*** Study material
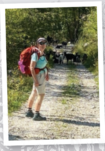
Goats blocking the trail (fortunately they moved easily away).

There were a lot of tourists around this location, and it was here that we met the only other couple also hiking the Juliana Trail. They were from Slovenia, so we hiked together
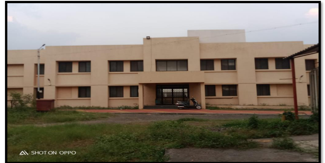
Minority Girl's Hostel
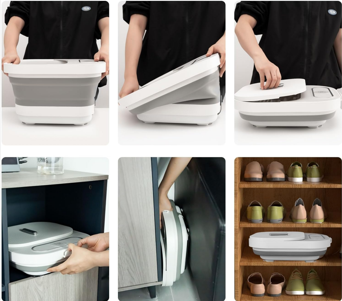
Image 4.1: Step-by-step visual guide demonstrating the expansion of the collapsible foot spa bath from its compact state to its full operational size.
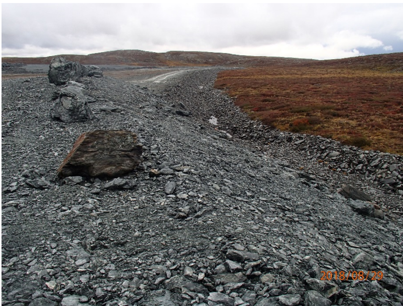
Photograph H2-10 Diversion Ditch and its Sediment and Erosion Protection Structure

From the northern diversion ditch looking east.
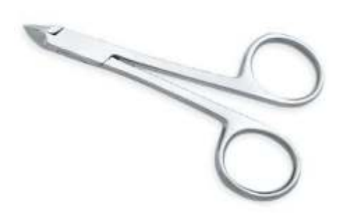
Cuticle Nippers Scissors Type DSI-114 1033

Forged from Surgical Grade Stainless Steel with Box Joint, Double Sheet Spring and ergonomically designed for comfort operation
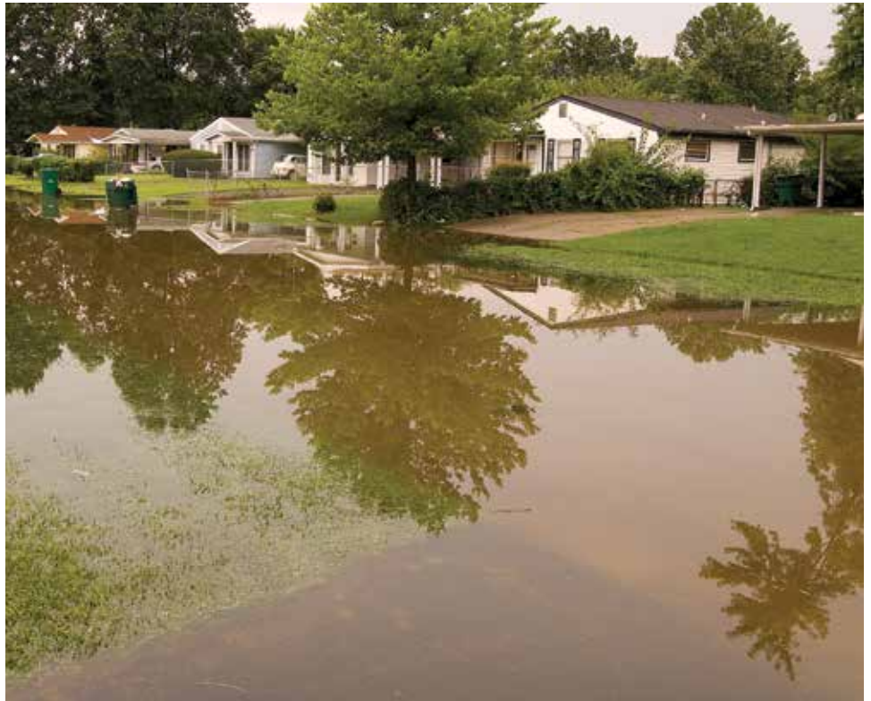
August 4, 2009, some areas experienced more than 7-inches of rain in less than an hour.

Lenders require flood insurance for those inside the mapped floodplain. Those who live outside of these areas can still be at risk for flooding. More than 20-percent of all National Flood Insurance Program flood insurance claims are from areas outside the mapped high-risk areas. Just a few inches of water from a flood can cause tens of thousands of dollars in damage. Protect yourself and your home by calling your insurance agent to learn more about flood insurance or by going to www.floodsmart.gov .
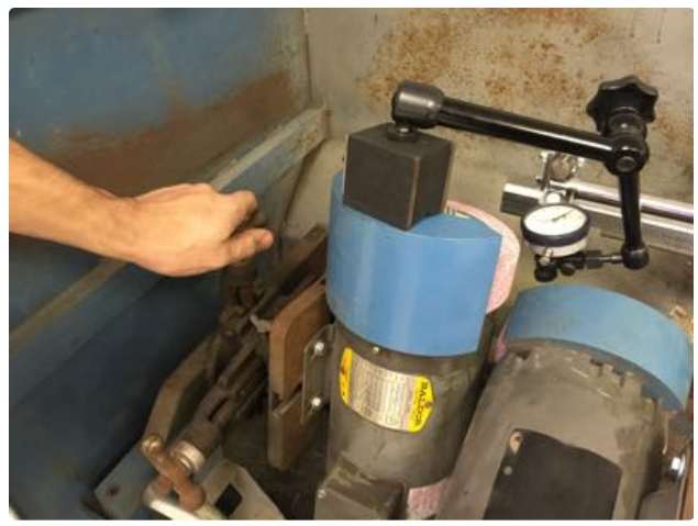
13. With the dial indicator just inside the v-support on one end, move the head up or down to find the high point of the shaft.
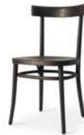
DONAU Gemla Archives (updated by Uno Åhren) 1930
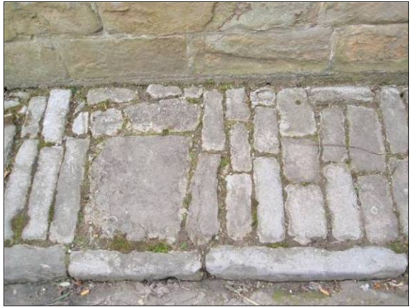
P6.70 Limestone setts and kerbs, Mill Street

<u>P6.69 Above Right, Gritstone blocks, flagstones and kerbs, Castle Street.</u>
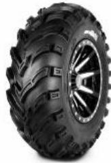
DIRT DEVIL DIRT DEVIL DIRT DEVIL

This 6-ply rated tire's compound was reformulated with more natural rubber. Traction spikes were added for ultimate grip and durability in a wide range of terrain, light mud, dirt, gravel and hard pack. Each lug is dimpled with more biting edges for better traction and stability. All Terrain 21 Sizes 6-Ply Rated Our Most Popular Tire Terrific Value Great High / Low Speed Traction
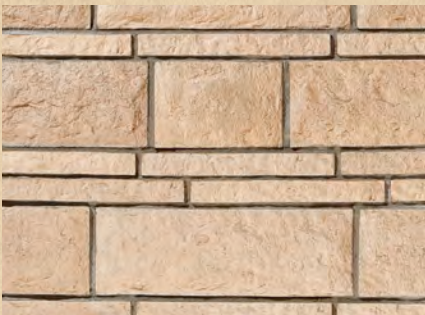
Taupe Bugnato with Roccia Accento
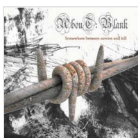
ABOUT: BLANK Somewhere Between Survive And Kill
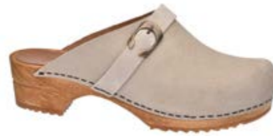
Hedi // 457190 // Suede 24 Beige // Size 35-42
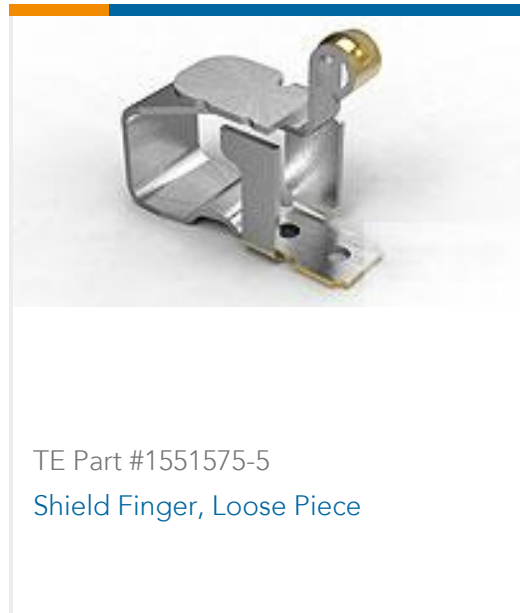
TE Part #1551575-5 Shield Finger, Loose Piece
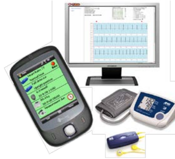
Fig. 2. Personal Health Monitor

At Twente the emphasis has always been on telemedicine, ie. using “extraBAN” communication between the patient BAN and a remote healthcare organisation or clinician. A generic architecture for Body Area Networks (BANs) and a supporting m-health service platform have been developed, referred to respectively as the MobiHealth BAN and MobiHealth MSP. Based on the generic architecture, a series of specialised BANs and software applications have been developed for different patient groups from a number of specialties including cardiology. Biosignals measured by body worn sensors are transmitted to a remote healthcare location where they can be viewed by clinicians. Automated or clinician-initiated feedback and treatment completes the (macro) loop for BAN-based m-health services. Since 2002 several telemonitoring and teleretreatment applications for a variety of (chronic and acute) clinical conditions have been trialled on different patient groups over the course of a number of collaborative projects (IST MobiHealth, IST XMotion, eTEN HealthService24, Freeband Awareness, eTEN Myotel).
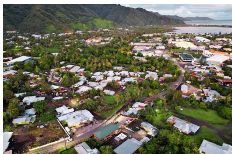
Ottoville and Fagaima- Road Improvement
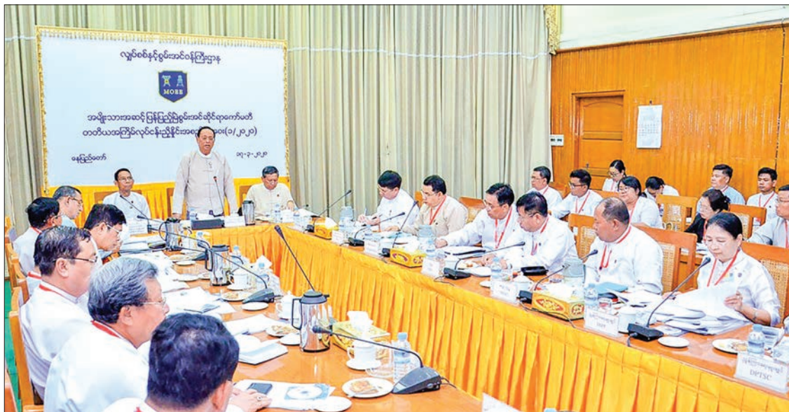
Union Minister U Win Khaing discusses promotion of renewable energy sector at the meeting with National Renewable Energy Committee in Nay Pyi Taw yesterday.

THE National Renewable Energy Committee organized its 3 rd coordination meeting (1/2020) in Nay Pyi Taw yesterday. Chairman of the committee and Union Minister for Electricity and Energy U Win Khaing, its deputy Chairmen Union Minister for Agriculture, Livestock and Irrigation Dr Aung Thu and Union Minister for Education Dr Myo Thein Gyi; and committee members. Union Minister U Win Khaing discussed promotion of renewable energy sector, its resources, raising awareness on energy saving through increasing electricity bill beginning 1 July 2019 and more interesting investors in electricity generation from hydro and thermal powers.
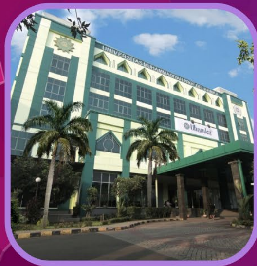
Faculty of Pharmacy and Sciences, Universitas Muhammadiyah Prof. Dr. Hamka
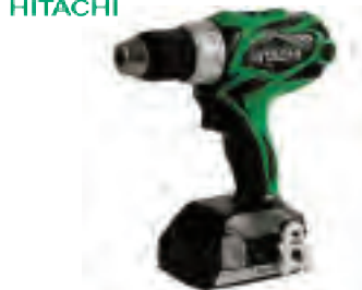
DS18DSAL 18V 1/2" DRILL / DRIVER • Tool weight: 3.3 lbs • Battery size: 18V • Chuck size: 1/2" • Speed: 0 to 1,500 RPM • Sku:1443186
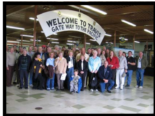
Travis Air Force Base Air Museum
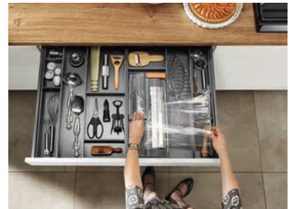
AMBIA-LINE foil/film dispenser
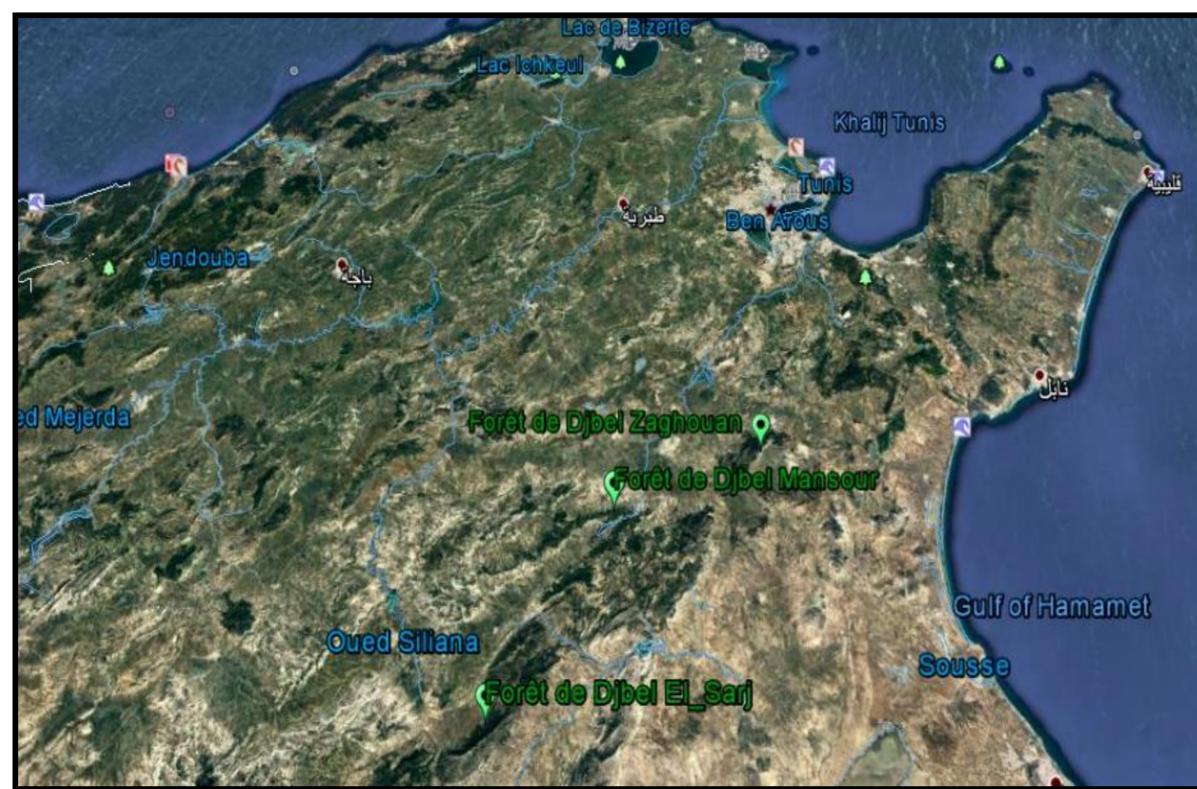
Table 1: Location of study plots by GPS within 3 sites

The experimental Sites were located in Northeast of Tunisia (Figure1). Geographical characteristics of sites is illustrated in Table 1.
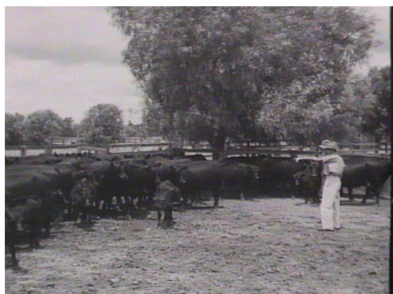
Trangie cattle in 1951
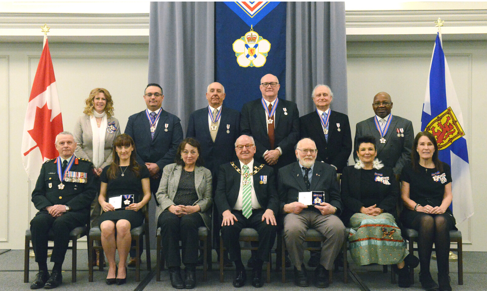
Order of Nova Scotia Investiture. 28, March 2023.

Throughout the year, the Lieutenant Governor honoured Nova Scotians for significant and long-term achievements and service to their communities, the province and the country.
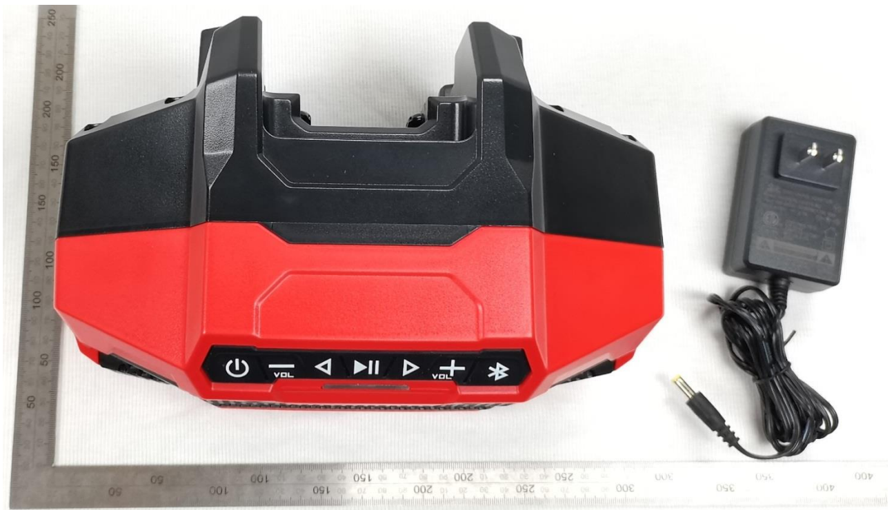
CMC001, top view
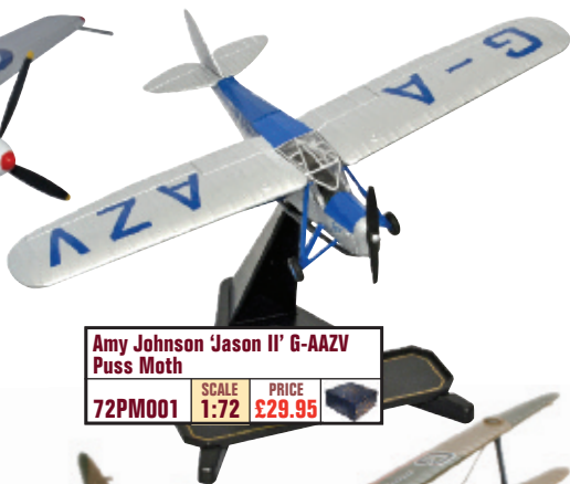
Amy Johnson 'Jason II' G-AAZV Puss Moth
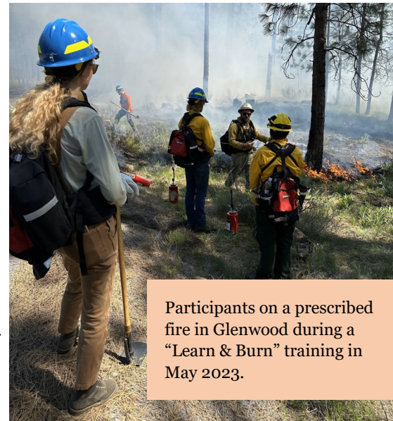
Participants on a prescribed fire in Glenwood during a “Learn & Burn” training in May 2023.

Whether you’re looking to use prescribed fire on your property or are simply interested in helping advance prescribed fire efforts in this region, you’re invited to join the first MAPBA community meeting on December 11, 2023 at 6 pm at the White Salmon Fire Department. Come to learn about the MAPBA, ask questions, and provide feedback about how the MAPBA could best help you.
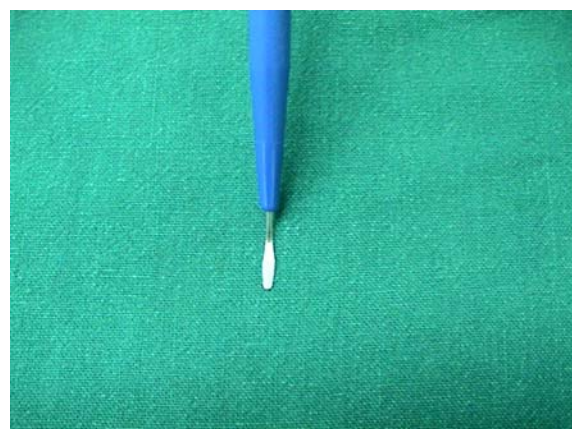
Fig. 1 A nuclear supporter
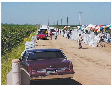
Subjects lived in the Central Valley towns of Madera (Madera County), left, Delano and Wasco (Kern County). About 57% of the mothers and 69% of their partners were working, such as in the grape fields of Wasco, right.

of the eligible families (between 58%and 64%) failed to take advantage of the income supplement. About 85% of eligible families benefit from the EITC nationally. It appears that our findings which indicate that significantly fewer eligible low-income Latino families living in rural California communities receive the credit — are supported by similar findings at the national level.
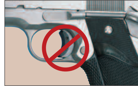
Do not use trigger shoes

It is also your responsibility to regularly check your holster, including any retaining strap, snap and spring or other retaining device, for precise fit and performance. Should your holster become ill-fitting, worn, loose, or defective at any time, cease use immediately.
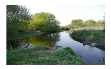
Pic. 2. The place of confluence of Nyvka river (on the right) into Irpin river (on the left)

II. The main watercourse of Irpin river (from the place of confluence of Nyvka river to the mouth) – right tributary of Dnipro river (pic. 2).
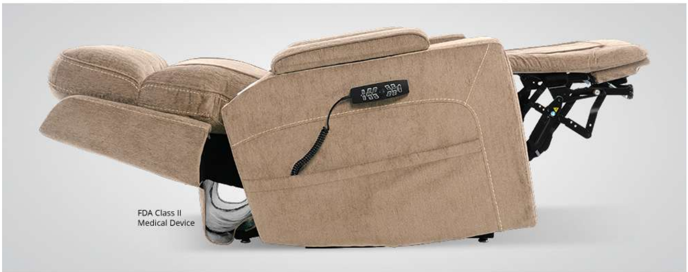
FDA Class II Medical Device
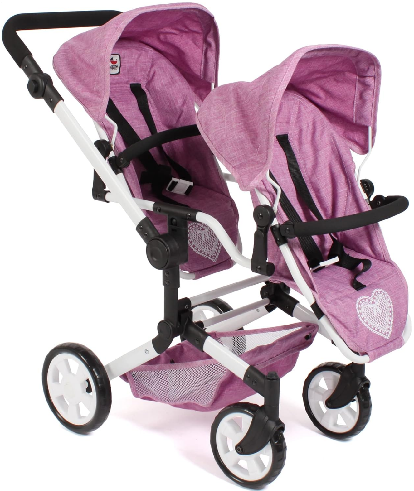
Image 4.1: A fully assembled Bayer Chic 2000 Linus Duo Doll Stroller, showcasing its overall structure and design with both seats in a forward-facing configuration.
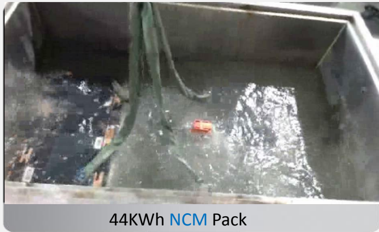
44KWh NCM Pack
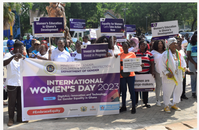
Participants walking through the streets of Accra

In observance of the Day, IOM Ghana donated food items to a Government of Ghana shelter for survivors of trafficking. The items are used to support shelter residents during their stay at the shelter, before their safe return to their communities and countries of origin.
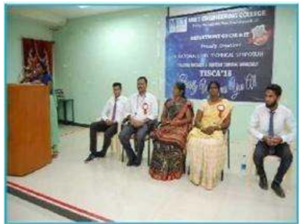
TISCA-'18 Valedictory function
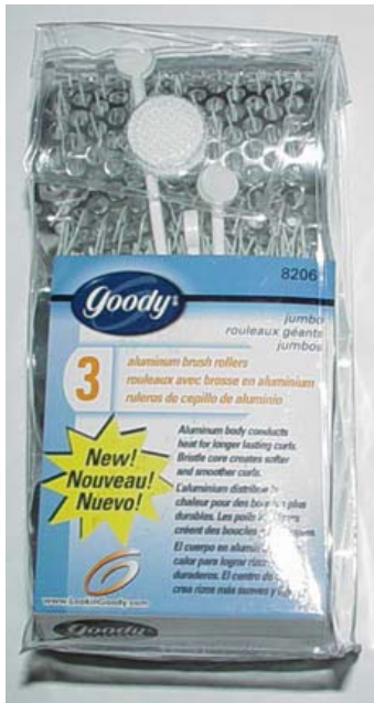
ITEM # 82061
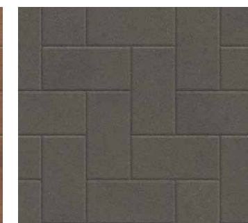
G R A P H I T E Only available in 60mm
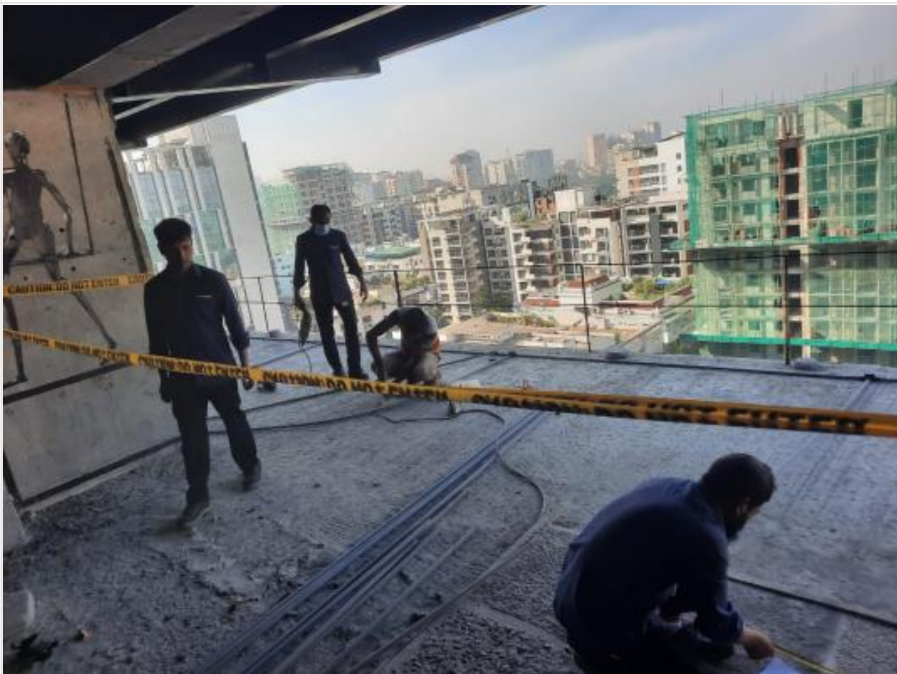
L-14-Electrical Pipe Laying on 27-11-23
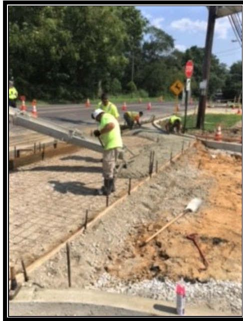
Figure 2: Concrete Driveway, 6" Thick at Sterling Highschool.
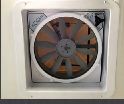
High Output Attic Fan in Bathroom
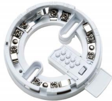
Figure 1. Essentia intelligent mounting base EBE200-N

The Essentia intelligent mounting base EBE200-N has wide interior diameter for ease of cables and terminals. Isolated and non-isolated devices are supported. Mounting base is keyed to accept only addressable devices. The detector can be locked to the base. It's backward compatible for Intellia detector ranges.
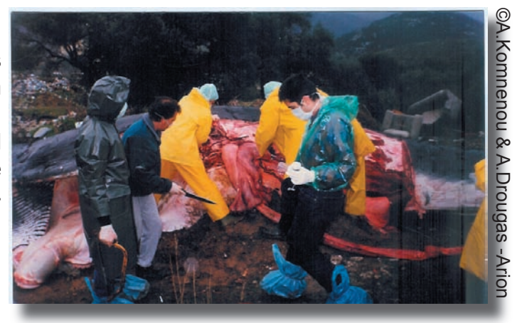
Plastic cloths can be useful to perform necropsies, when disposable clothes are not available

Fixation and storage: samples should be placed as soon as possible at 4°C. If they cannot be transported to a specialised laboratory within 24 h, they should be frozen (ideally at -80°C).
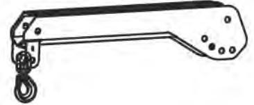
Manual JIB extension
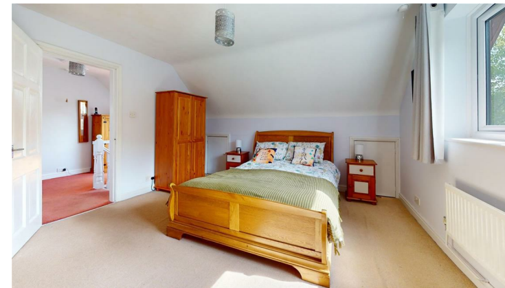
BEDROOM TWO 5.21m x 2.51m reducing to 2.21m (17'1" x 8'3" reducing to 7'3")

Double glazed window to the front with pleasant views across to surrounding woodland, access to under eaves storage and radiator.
******
> **Instructions for the task**:
Pictures are to be left out. Write out only the lines above starting at the one with "II. The main" and ending at the one with "Participants walking through", both lines included, exactly.

> **Reply to the exercise**:
II. The main watercourse of Irpin river (from the place of confluence of Nyvka river to the mouth) – right tributary of Dnipro river (pic. 2).
FDA Class II Medical Device
Image 4.1: A fully assembled Bayer Chic 2000 Linus Duo Doll Stroller, showcasing its overall structure and design with both seats in a forward-facing configuration.
44KWh NCM Pack
Participants walking through the streets of Accra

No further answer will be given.